How a Voice Makeover Upped My Zoom Game—and Changed My Life

Somewhere between an unhinged "hum-bayo" and a riotous "hi-yoo," one writer learns what it means to sound like herself

I’ve always squeaked. My voice is high, like baby cartoon high, something that’s been pointed out to me since middle school. Back then, I imagined my distinctive soprano made me seem more feminine, and I leaned into it. It was a voice that suited the times and the expectations—the perfect “girl voice.” Decades later, the times have changed. But my squeak lingers on— forgotten, mostly, save for these last few months of video calls, which have redrawn my scrutiny and resurfaced old insecurities around what premier Hollywood vocal coach Roger Love describes as a pitch that is too dully monotone, too quiet.

Love, by contrast, has a voice like molten honey. Warm and rollicking, it ripples through the Zoom call I’ve set up to try to address the Minnie Mouse situation after all these years. “If I had an airy thin voice that didn’t have any melody, no dynamics to it, people wouldn’t listen to me,” he purrs. Most of us craft a voice to suit a single part of our character, he continues, but it’s never versatile enough to reveal all of who we are. “Here’s you,” he says, launching into a feathery falsetto, and doing a fairly excruciating impersonation. “‘I’ve created this voice that is very good for high tea. Very proper. Classy. Excitable, a little, maybe, but very proper.’” I let that sink in for a moment. “Now, I want you to get louder and edgier,” he commands with the theatricality of a B-movie buccaneer. “Say, ‘I want to fill up the room with me!’” I oblige, and we do this for a while. The crux, he says, is that I sputter along instead of sending my sound out on a consistent stream of breath, a weakness that can be remedied by breathing deeply with my diaphragm. I could transform my voice right here, right now, Love suggests. Then he does the ‘me’ voice for a third time.
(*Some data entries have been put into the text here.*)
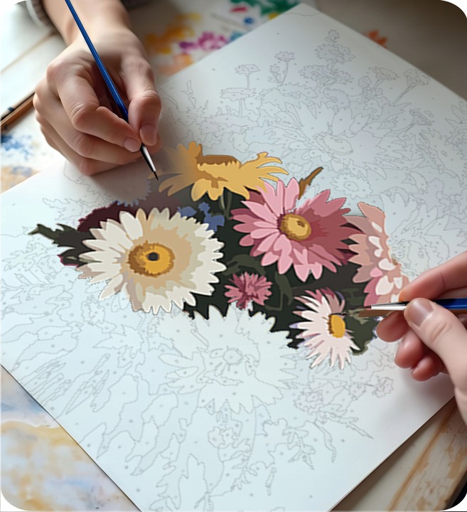 Slika po brojevima, 40x50cm, cvijeće | Massido je set koji vam omogućuje opuštanje dok ispunjavate okvire bojama i stvarate vlastito umjetničko djelo. Vesel, šareni uzorak odličan je izbor i za velike i za male umjetnike koji žele otkriti radost slikanja. Idealno za provođenje kreativnog vremena s obitelji i stvaranje jedinstvenog umjetničkog djela punog boja!
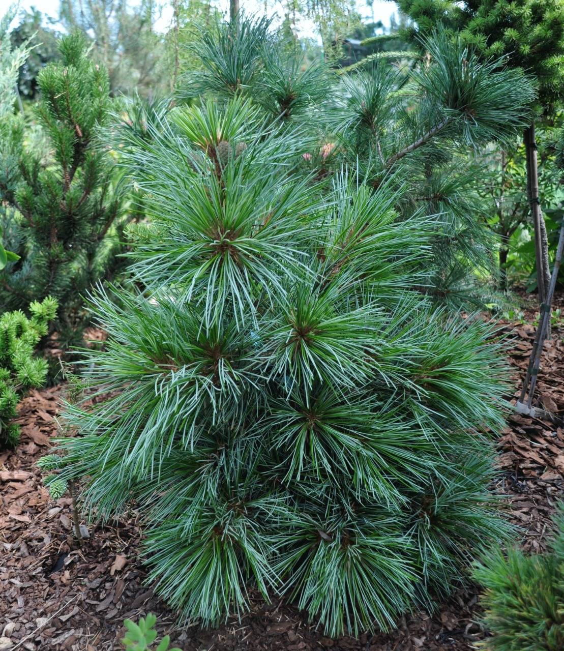 Предлагаемый саженец кедра корейского, высотой от 20 до 40 см, отличается внушительной и плотной кроной. У молодых деревьев форма кроны бывает округло-яйцевидной, тогда как у зрелых экземпляров она принимает цилиндрическую или коническую форму. С возрастом у кедра могут появляться несколько вершин, что связано с естественными процессами старения дерева, стремлением к увеличению площади питания и максимизации производства шишек. Иногда вершины могут обламываться из-за тяжести шишек, что приводит к росту новых, или же их повреждают медведи, пытаясь добраться до шишек.
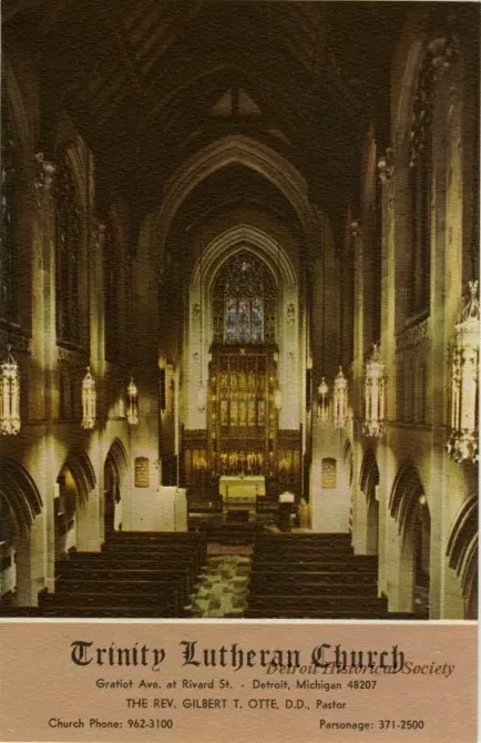 Pamphlet about the architecture of Trinity Lutheran Church. Front cover features a color photo of the interior looking from the balcony toward the altar.
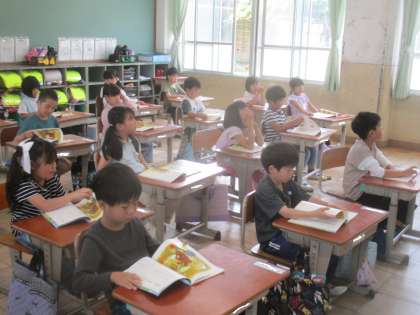担任の先生といっしょにお話の順序に気をつけながら読んでいました。

That night, sucking down enough air to distend my belly, I tried out the technique on my husband. “Wearesupposedtospeakontheoutbreath,” I boomed. He gamely gave it a try. “Butwesoundsuperhigh,” he shouted back. The next day, I didn’t speak much at all. I nodded at the kids and sat silently through a strategic video call, meanwhile judging everyone else on the screen. Upper left corner: zero melody. Bottom right: shallow breather. Center square: creaky, low volume.

To delve a little deeper, I called my friend Meg Chittenden, a somatic voice educator—and the kind of person who sings while wandering the Maine woods, losing track of whether she is sounding, or the forest is sounding through her. She was a little mystified by my pursuit. “My relationship with the voice is definitely not results oriented in that way,” she says warmly. “There is so much delicate coordination in the throat, and it’s an area that stores traumatic experience, first because the voice is restricted by trauma, but the restriction itself also causes trauma.” Women in particular have vocal constriction, she adds, “due to the way our culture responds to the female voice.”